Subscribe to the Non-Human & AI Identity Journal

Why do AI models create more security risk than traditional applications?

AI models create more risk because they can be manipulated through prompts, poisoned data, and connected APIs, not just through code defects. Their behaviour also changes with context, which means access, data provenance, and runtime monitoring matter as much as static hardening.

Why This Matters for Security Teams

Traditional applications usually fail in bounded, testable ways: a vulnerability exists, a patch is applied, and the risk surface is reduced. AI models are different because they can be steered at runtime through prompts, training data, retrieval sources, and connected tools. That means security teams are no longer defending only code quality, but also model behaviour, data provenance, and the trust placed in every API the model can invoke. NIST’s Cybersecurity Framework 2.0 is useful here because it frames governance, identification, protection, detection, response, and recovery as operational functions rather than a one-time build activity.

NHIMG’s OWASP NHI Top 10 highlights a related reality: once an AI system has meaningful execution authority, the identity and access model becomes part of the attack surface, not just a support control. The same pattern shows up in the Ultimate Guide to NHIs, where weak lifecycle control and over-privilege repeatedly turn machine identities into high-impact breach paths. In practice, many security teams encounter AI risk only after a model has already exposed data, misused a tool, or chained a privilege into a wider incident, rather than through intentional testing.

How It Works in Practice

Security teams should treat AI models as dynamic decision systems, not static code artifacts. A traditional application can be hardened with secure defaults and fixed entitlements, but an AI model may change output depending on the prompt, retrieved content, conversation state, or tool availability. That is why current guidance suggests combining model safeguards with workload identity, runtime policy, and short-lived access rather than relying on perimeter controls alone.

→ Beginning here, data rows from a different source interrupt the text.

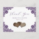Purple Floral Lace Burlap Hearts Wedding Thank You Vykort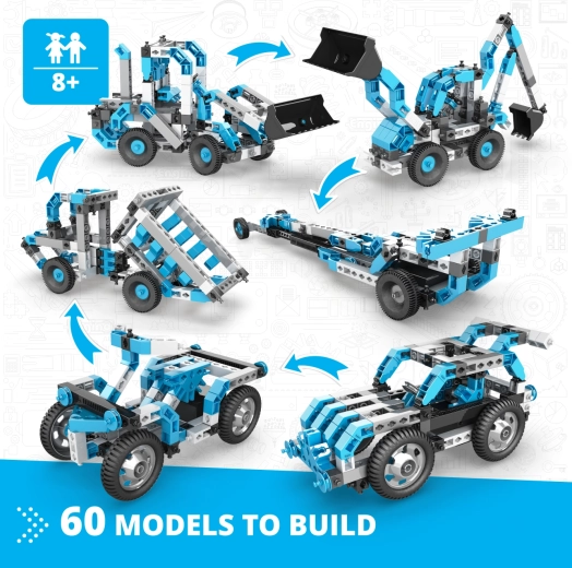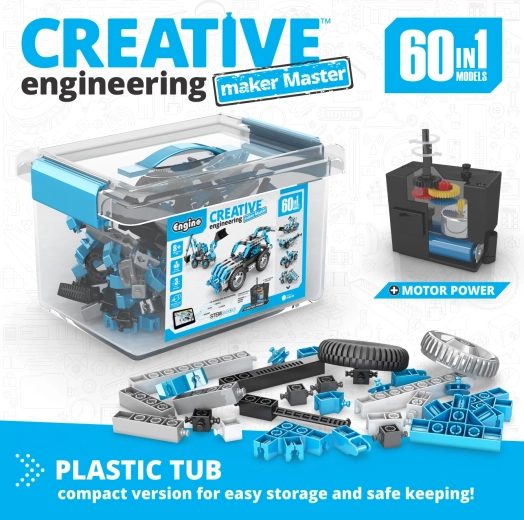 Az ENGINO Motorized Maker 60 az 1-ben építőkészlet ideális választás 8 éves kortól azoknak a gyerekeknek, akik szeretik a technikát és az alkotást. A színes útmutatók (részben nyomtatott, részben online vagy az ingyenes 3D alkalmazásban) végigvezetnek több tucat modell megépítésén. Az elemek könnyen összepattinthatók, a teljes készlet pedig egy praktikus műanyag kofferben kapott helyet az egyszerű szállításhoz és tároláshoz.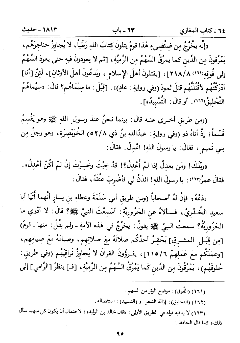 "إِنَّهُ يَخْرُجُ مِنْ ضِئْضِئِ هَذَا قَوْمٌ يَتْلُونَ كِتَابَ اللَّهِ رَطْبًا، لاَ يُجَاوِزُ حَنَاجِرَهُمْ، يَمْرُقُونَ مِنَ الدِّينِ كَمَا يَمْرُقُ السَّهْمُ مِنَ الرَّمِيَّةِ، [ثُمَّ لاَ يَعُودُونَ فِيهِ حَتَّى يَعُودَ السَّهْمُ إِلَى فُوقِهِ (161) 8/ 218] [يَقْتُلُونَ أَهْلَ الإِسْلاَمِ، وَيَدَعُونَ أَهْلَ الأَوْثَانِ]، لَئِنْ [أَنَا] أَدْرَكْتُهُمْ لأَقْتُلَنَّهُمْ قَتْلَ ثمودَ (وفى روايةٍ: عَادٍ)]. [قِيلَ: مَا سِيمَاهُمْ؟ قَالَ: «سِيمَاهُمُ التَّحْلِيقُ (162). أَوْ قَالَ: التَّسْبِيدُ»].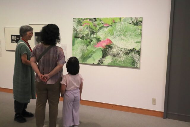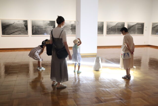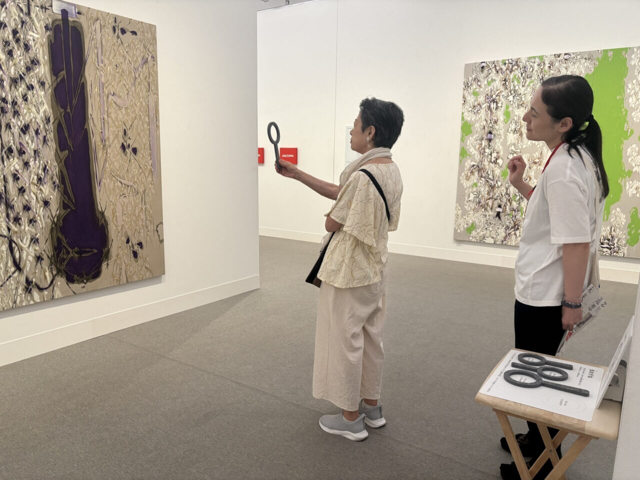 ・外の暑さを忘れるほど、静かで穏やかな時間をお客様と共に過ごすことができました。初対面のお客様にどのようなお声がけをしながら鑑賞したら良いか不安でしたが、「アートが好き」という共通項のもと気になる作品があれば足をとめ、作品に近寄ったり離れたり、キャプションをじっくりと読んで行くうちに、言葉のキャッチボールを介しての鑑賞の大切さを改めてお客様より教えていただきました。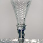 Founded in 1764 by royal consent, the firm of Baccarat became known as the Compagnie des Cristalleries de Baccarat in the nineteenth century. Francois-Eugene de Fontenay, who joined the company in 1841, discovered that the addition of nickel oxide in the manufacturing process resulted in a perfectly clear product, ‘crystal glass’, that was free of discoloration and that imitated precious rock crystal. For this discovery, the Baccarat company was awarded a gold medal at the French Expositions des Produits de l’Industrie in 1844. Continually experimenting with their manufacturing process, the quality of Baccarat’s ‘crystal glass’ improved, reaching the highest level by the end of the century. Today, Baccarat ‘crystal glass’ is highly regarded, not only for its unusual clarity, but for its great solidity and weight, allowing for the bold engraving and cutting that are Baccarat’s hallmark.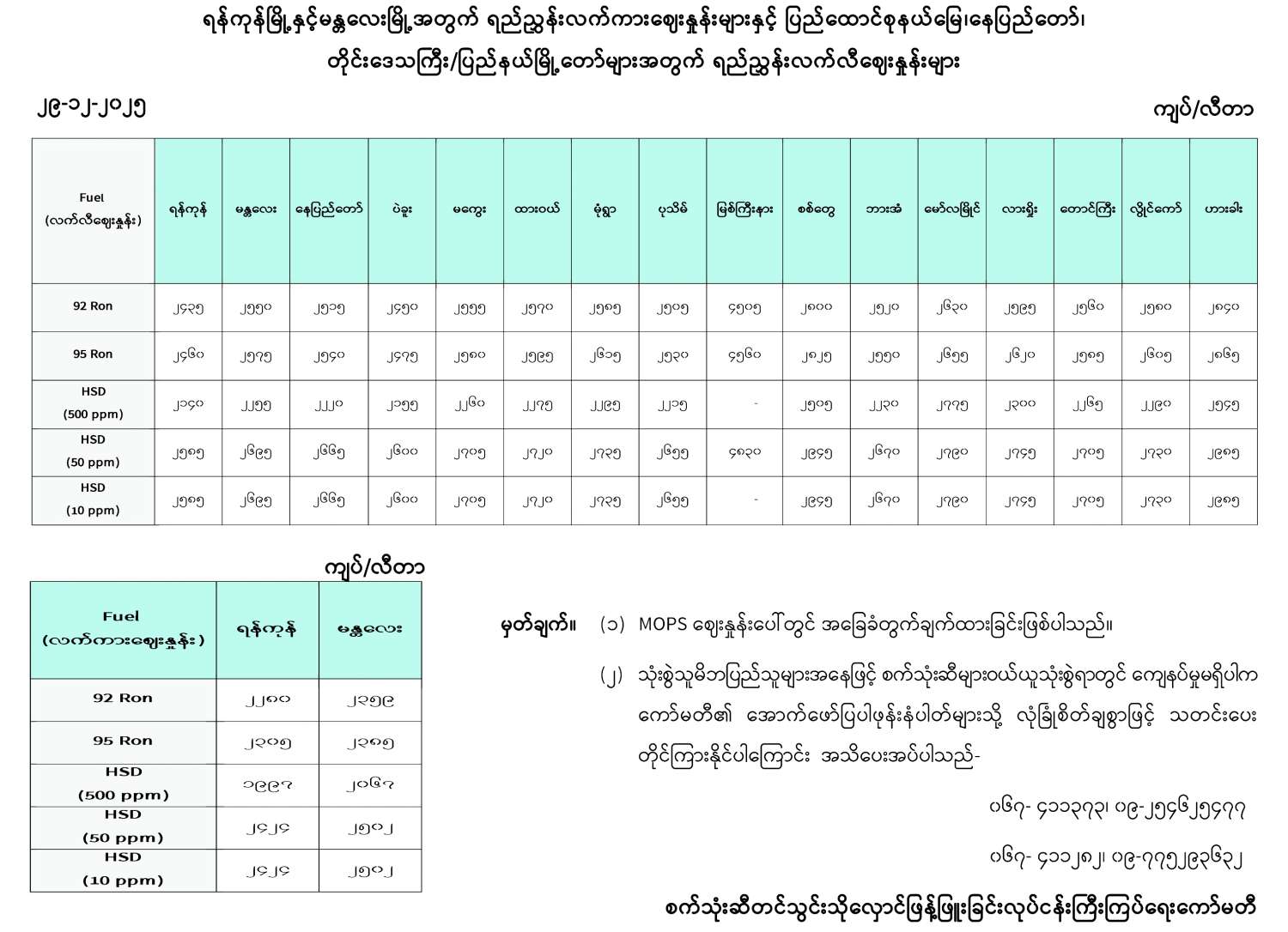 ရန်ကုန်မြို့နှင့် မန္တလေးမြို့အတွက် ရည်ညွှန်းလက်ကားဈေးနှုန်းများနှင့် ပြည်ထောင်စုနယ်မြေ နေပြည်တော်၊ တိုင်းဒေသကြီး/ ပြည်နယ် မြို့တော်များအတွက် ရည်ညွှန်းလက်လီဈေးနှုန်းများ 12/29/2025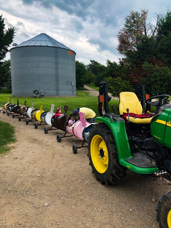 We started with taking a hayride out to their magical sunflower field; Sunflowers as far as the eye can see. Before we set off, the farm’s owner welcomed us all, and talked about how they used to deal primarily in wholesale–selling to big stores like Hy-Vee, Wal-Mart, and Baker’s. But this year, they decided to go in a new direction, focusing on their family, and in turn, the families of Omaha who can now come visit the farm and enjoy this experience.
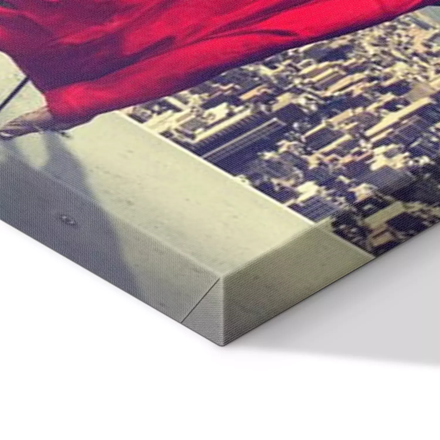 De print wordt aangebracht op hoogwaardig canvas dat op een schildersweefgetouw (spieraam) wordt gespannen. Omdat de print de zijranden bedekt, hoeft het ontwerp niet met een extra kader te worden omlijst. Wij raden ook composities aan die uit meerdere foto's bestaan en zo een coherente compositie vormen.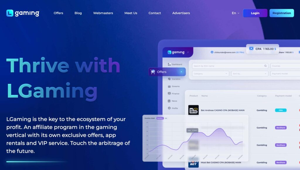 LGaming is a CPA network in the iGaming vertical. It includes such niches as Betting, Gambling, Crypto, and Casino. Now the offers number is 1.000. They include exclusive offers from direct advertisers and BetAndreas’ in-house product.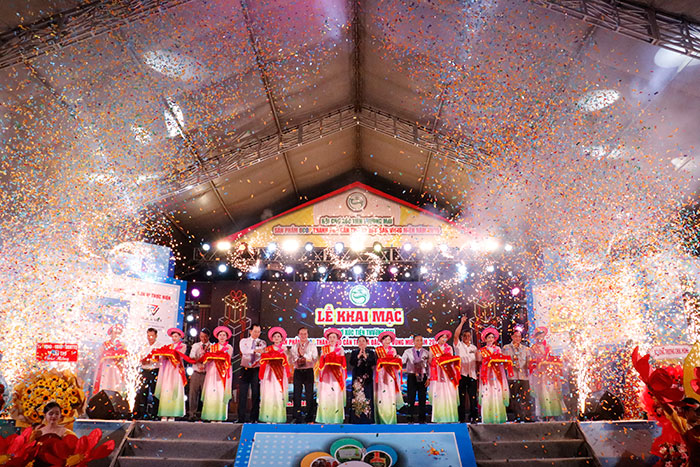 Các đồng chí lãnh đạo thực hiện nghi thức cắt băng khai mạc hội chợ - Ảnh: TL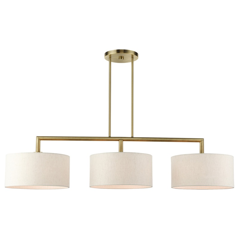 The Meridian collection has a clean, crisp look and contemporary appeal. The hand-crafted oatmeal colored fabric hardback shades offer a diffused warm light. This three-light linear chandelier has a sleek upper frame over the three shades. Will adapt well in the living room, dining room and over the kitchen island tastefully elevating your style. This sleek design is shown in an Antique Brass finish.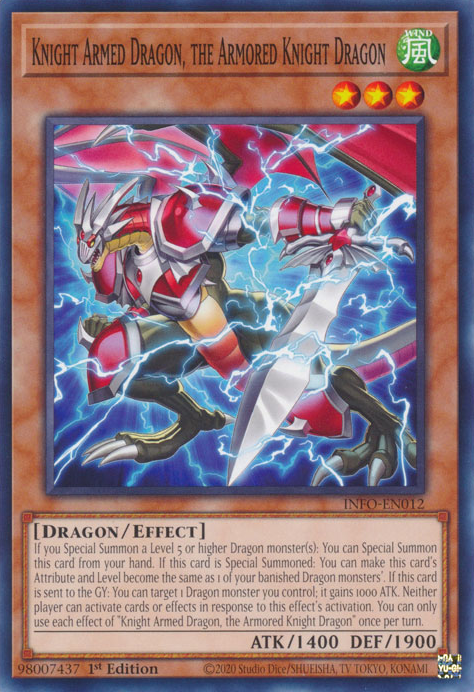 If you Special Summon a Level 5 or higher Dragon monster(s): You can Special Summon this card from your hand. If this card is Special Summoned: You can make this card's Attribute and Level become the same as 1 of your banished Dragon monsters'. If this card is sent to the GY: You can target 1 Dragon monster you control; it gains 1000 ATK. Neither player can activate cards or effects in response to this effect's activation. You can only use each effect of "Knight Armed Dragon, the Armored Knight Dragon" once per turn.

In practice, this means the model should not hold standing access to sensitive systems. Instead, the model or agent should authenticate as a workload, receive just-in-time credentials for a specific task, and lose those credentials automatically when the task ends. This is where ephemeral secrets, OIDC-based workload identity, and standards such as SPIFFE become important. The identity primitive is not the prompt; it is the cryptographic proof of what the workload is allowed to do at that moment.

  • Use runtime authorisation for each request, not only pre-approved roles.
  • Issue short-lived tokens for narrowly scoped actions and revoke them on completion.
  • Log prompt inputs, retrieved documents, tool calls, and output paths for traceability.
  • Separate model access to data from direct write access to downstream systems.

NHIMG’s Top 10 NHI Issues is a useful reminder that credential rotation and monitoring matter because machine identities are often the easiest route to lateral movement once they are compromised. For implementation detail, SPIFFE provides a clear model for workload identity, while NIST SP 800-207 supports the Zero Trust principle of continuous verification. These controls tend to break down when a model is wired into legacy systems with shared service accounts and no task-level scoping because the model can reuse broad privileges faster than teams can inspect each call.

Common Variations and Edge Cases

Tighter controls often increase orchestration overhead, so organisations have to balance speed against containment. That tradeoff is real in AI environments, especially when teams want low-latency responses, shared retrieval layers, or multi-agent workflows that coordinate across several tools.

Best practice is evolving for agentic systems, and there is no universal standard for this yet. Some environments can tolerate a human-in-the-loop approval step for high-risk actions, while others need fully automated policy evaluation because humans cannot intervene quickly enough. NIST AI RMF guidance is helpful here, but practitioners should also look to the Ultimate Guide to NHIs for the operational reality of over-privileged machine access and fragmented secrets control. The State of Secrets in AppSec is also relevant because AI systems often inherit secret sprawl, and sensitive patterns can be learned or reproduced if data boundaries are weak.

Edge cases usually appear in multi-tenant models, retrieval-augmented generation, or agent chains where one component can escalate the next. In those setups, static RBAC alone is too coarse, and coarse logging is too late. Security teams should treat the environment as high-variance and assume the model will explore paths that were not explicitly scripted.

Standards & Framework Alignment

This section maps relevant standards and security frameworks to the operational risks and controls described in this guidance.

OWASP Agentic AI Top 10 and CSA MAESTRO address the attack and risk surface, while NIST AI RMF set the governance and control requirements practitioners need to meet.

Framework Control / Reference Relevance
OWASP Agentic AI Top 10 A2 Prompts, tools, and agent actions expand the attack surface beyond code defects.
CSA MAESTRO GOV-02 Agentic systems need governance for dynamic access and execution authority.
NIST AI RMF AI RMF covers governance and monitoring for unpredictable model behaviour.

Inventory agent inputs, tool permissions, and output handling, then test for abuse paths at runtime.